[Data records]

☆ ☆ ☆ ☆

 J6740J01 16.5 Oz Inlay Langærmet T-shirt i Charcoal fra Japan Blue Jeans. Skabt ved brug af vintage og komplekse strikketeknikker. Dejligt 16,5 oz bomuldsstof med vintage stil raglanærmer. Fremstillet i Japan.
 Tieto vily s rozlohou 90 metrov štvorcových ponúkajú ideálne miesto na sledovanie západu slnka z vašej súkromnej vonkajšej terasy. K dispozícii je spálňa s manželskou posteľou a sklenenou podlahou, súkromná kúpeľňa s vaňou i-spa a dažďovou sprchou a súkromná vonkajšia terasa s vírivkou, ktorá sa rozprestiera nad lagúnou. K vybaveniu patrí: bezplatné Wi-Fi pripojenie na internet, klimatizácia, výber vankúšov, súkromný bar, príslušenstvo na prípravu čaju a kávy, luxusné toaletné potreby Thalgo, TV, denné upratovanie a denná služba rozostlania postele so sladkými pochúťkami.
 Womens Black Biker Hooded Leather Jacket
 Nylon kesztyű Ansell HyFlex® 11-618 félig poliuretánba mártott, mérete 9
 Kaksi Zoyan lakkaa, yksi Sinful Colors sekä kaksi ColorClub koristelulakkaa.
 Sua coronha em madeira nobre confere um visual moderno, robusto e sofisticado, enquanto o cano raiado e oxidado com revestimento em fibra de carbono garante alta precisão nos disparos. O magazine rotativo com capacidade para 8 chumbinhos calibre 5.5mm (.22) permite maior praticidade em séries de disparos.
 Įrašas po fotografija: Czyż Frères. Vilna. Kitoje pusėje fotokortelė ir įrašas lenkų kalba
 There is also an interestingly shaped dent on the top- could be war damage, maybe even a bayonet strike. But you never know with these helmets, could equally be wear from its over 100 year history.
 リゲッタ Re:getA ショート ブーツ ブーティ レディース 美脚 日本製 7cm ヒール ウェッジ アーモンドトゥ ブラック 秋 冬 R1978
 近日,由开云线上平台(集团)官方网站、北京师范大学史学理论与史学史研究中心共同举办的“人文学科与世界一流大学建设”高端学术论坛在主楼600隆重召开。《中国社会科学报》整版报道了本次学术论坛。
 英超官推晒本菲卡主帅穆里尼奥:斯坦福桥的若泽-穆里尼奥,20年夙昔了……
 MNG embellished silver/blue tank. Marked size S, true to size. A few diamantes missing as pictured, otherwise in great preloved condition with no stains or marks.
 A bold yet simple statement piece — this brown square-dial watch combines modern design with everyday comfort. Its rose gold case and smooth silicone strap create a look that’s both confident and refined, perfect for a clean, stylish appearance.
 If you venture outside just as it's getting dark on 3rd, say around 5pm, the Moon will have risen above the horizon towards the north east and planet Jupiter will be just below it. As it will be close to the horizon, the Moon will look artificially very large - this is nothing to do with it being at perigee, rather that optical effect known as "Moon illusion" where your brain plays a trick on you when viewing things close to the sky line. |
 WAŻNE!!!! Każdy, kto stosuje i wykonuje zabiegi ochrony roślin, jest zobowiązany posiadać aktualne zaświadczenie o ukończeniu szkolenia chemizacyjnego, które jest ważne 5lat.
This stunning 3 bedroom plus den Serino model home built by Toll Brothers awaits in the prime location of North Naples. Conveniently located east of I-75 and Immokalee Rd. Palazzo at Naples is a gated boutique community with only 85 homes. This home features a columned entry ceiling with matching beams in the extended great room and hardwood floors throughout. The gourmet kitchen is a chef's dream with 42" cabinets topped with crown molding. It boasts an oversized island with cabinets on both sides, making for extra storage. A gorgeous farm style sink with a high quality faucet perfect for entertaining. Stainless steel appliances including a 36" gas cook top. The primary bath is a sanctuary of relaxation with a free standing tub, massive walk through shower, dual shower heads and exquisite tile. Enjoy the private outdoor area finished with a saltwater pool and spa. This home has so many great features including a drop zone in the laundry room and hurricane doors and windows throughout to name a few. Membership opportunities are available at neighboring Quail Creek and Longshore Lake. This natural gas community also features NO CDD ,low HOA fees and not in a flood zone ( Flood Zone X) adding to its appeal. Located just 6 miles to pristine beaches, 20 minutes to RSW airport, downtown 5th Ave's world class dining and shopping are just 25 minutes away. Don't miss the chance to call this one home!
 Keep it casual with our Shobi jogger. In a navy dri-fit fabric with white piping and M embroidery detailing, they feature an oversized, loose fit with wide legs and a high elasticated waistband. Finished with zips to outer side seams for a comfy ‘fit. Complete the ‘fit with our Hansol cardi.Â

☆ ☆ ☆ ☆

■ **THE TASK**:
Among the entries, find every line holding "that" and return it.

■ **ANSWER TO THE PROBLEM**:
 A bold yet simple statement piece — this brown square-dial watch combines modern design with everyday comfort. Its rose gold case and smooth silicone strap create a look that’s both confident and refined, perfect for a clean, stylish appearance.
 If you venture outside just as it's getting dark on 3rd, say around 5pm, the Moon will have risen above the horizon towards the north east and planet Jupiter will be just below it. As it will be close to the horizon, the Moon will look artificially very large - this is nothing to do with it being at perigee, rather that optical effect known as "Moon illusion" where your brain plays a trick on you when viewing things close to the sky line. |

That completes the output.